В лифте я вновь открыла глаза. Я совсем забыла, как выглядело это место. Теперь будет достаточно времени, чтобы вспомнить и изучить каждый дюйм. Двери здесь прочные, если прижмут, то переломают все кости разом. Фигура в черном приказала встать в центр на решетку, будто бы в первый день в новой школе, когда просят представиться и рассказать о себе. Я мертва, но не совсем. Мне сказать больше нечего.
Неизвестная хрень, похожая на пар из утюга на режиме «отпаривание», обдала меня сверху донизу. Сквозь костюм я ничего не почувствовала. Человек в черном повторил процедуру, согнав меня назад.
Что-то загудело и помещение озарил желтый свет. А какой был до этого? Дверь напротив с грохотом открылась, впуская невысокую девушку в сером, которая мгновенно оказалась у меня за спиной, дергая молнию на костюме.

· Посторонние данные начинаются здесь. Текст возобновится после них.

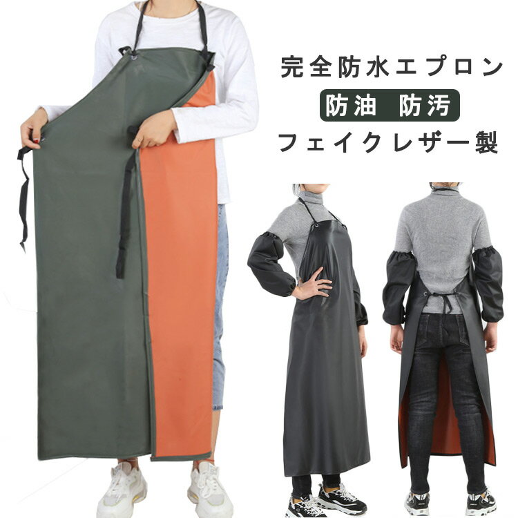 防水エプロン フェイクレザー 完全防水エプロン 防油 防汚 作業エプロン 前掛け ワークエプロン 業務用エプロン 男性 女性 男女兼用 水仕事 料理 飲食店 食品加工 精肉 ..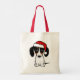 Esta bolsa de tote festiva incluye un encantador dibujo personalizado de un dachshund piebaldo con un sombrero rojo brillante de Santa. ¡Hace un regalo divertido para los Navidades para las mamás y papás doxie de los perros!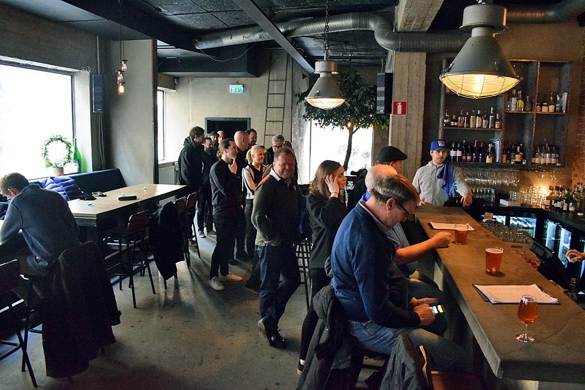 Det blev snabbt kö när de väntande gästerna släpptes in på Brewers Beer Bar.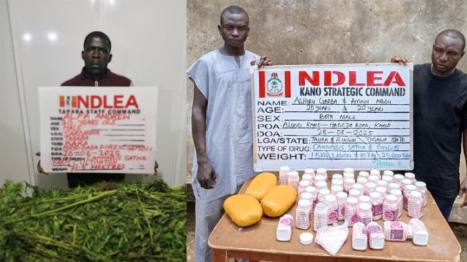 A 75-year-old grandpa Uchelue Ikechukwu was among six suspects arrested with illicit substances in raids by operatives of the National Drug Law Enforcement Agency (NDLEA) in parts of Anambra state just as 30-year-old Alfa Andrew was taken into custody following the destruction of 178, 750 kilograms of skunk on his 71.5 hectares of cannabis farm in Mayodoga forest, Sardauna local council area of Taraba state.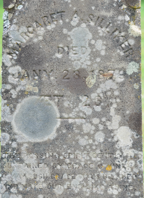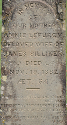 Inscription: In Memory / of / Our Mother / Annie Lefurgey / Beloved Wife of / James Silliker / Died / Nov. 19, 1882 / ÆT. 64 / Friends nor physicians could / not save / her mortal body from the grave / nor can the grave confine her / here / when Christ shall call her to / appearLeft: Margaret A. Silliker / Died / Jany. 28, 1879 / ÆT. 23Right: James Silliker / Born / Aug. 15, 1820 / Died / Jan. 20, 1907.1,3  Tombstone, Annie Lefurgey (1818-1882), her husband James Silliker (1820-1907), their daughter Margaret (1853-1879). United Baptist Cemetery, Central Bedeque, Prince County, Prince Edward Island, Canada.  Front inscription detail.  Left inscription detail.  Right inscription detail.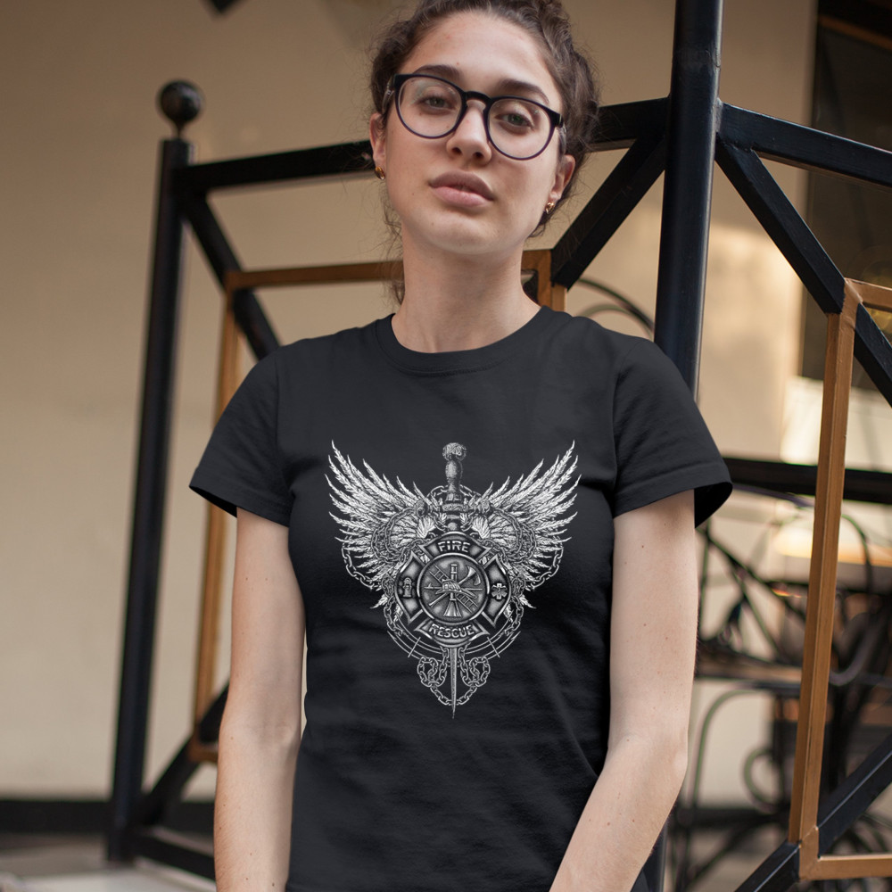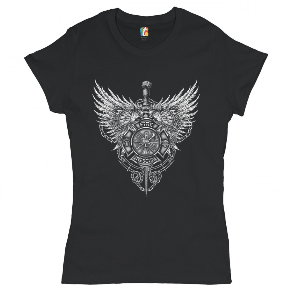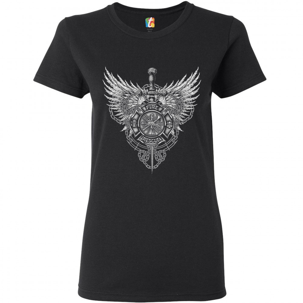GOTHIC FIREFIGHTER EMBLEM t-shirt courage honor sacrifice women's tee black

Из штанины на пол выпала моя папка. Девушка покорно подняла ее и всунула мне в руки, стыдливо опустив взгляд на пол. Ее темные волосы были собраны по бокам в две аккуратные полусферы. Тоже мне, Принцесса Леа.
Другая дверь открылась с меньшим грохотом. В проеме застыла женщина со свечой в одной руке и тростью в другой, загораживавшая собой узкий проход. Не знаю, что из этого комичнее — платье в пол с уймой рюш или серебряный набалдашник трости в виде вороньей головы с камешком-глазом.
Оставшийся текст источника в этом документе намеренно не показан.